Смотреть на сборище циркачей ему мешало солнце. Выбраться из допросных закутков было приятно, но небесное светило било по глазам, заставляло щуриться, рассеивало внимание. В обычные свои будни он двигался во тьме, спешным шагом перетекая из одного мрачного переулка в другой. В помещениях, куда его закидывала судьба и долг службы, зачастую окон не было вовсе. А если и были, то за ними висела непроглядная тьма, изредка отступающая под напором лунного света и мерцания звезд.
Другими словами, Гораций считал себя человеком ночи. И любил тень. Сам был тенью.
Однако сегодня очередной изгиб судьбы напополам с долгом привел его сюда: на отполированную множеством задов скамью в уголке небогато обставленной комнаты. Иные обители замка поразились бы, узнав, какое непрезентабельное помещение было зажато меж шикарно обставленными залами и бархатными коридорами этажей.
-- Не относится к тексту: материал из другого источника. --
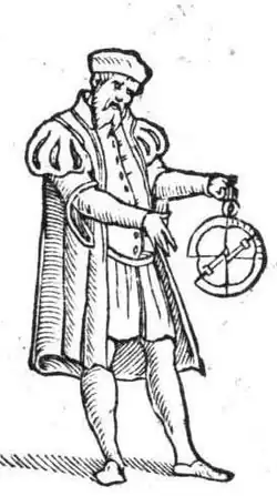 Once out of sight of the coast, Portuguese and Spanish ship pilots could rely upon the astrolabe and quadrant to determine their location on a north–south reference, however longitude was noticeably more difficult to acquire. The problem was time. Out on the vast stretches of the ocean, it is very difficult to keep track of time once leaving port. In order to calculate longitude a sailor would need to know the time difference between his current location and a fixed point somewhere on earth, usually the port of call. Even if one could determine the time of day while in deep waters, they still needed to know the time at their home port. The answer was the ephemerides, astronomical charts plotting the location of the stars over a distinct period of time. The German astronomer Regiomontanus published an accurate day-to-day Ephemerides in 1474.[13] Published in 1496 by the Jewish astronomer, astrologer, and mathematician Abraham Zacuto, the Almanach Perpetuum included tables for the movements of stars.[14] Through the use of an astrolabe, also perfected by Zacuto who advanced it from a crude wooden tool to an accurate brass instrument, sailors could determine the time at home. Zacuto himself was born in Spain in 1451 and took refuge in Lisbon during the expulsion of the Jews. He eventually was invited by King John II of Portugal, much like Pedro Nunes, to become the Royal Astronomer, a position he accepted and used to promote exploration, particularly investigating a sea route to India.[14]

Каменные стены не несли на себе никаких украшений, а обстановка больше напоминала комнату для общения с душевнобольными. Гораций никак не мог отделаться от подобного ощущения, даже спустя множество визитов. Стол с одинокой свечкой, ныне не горящей, да пара стульев, хозяйский и гостевой. Поле битвы для столкновения двух умов. А некогда грубо стесанные доски (а теперь зеркально-гладкие), выполняющие роль скамеек, тянулись по бокам помещения, словно место для стражи и врачевателей, наблюдающих за разговором.
Сегодня роль праздного наблюдателя выпала ему. Тонкие губы едва не искривились в ироничной усмешке, но Гораций сдержал порыв. Личина была в новинку, обычно он стоял по центру комнаты, никогда не садясь, словно не желая принять правила игры. Стоял, чеканя слова, глядя на хозяина кабинета и борясь с мыслью, что если в комнате и есть душевнобольной, то вот он: сидит, сцепив руки, на колченогом стуле, на который без слез было не взглянуть. Иного объяснения подобному насилию над собой у Горация не было. Нет-нет, а на лице начальника проступала мучительная гримаса, но был тому причиной неудобный стул, изнурительный подъем по лестницам столичного замка или груз забот на плечах – оставалось загадкой.
Тем удивительнее было существовать в этой комнатушке на рассвете, чего давно не случалось. Пусть близость к земле не позволяла отнести кабинет к «высоким этажам», бьющему в оконный проем солнцу это ничуть не мешало. Проказливые лучи стелились по скамье, перебегали на стены и лупили по глазам, что тоже было в новинку. В новом антураже фигура начальника, скрюченная за пустым столом, выглядела будто черный колтун, горстка изломанных углов, темнеющих на фоне окна.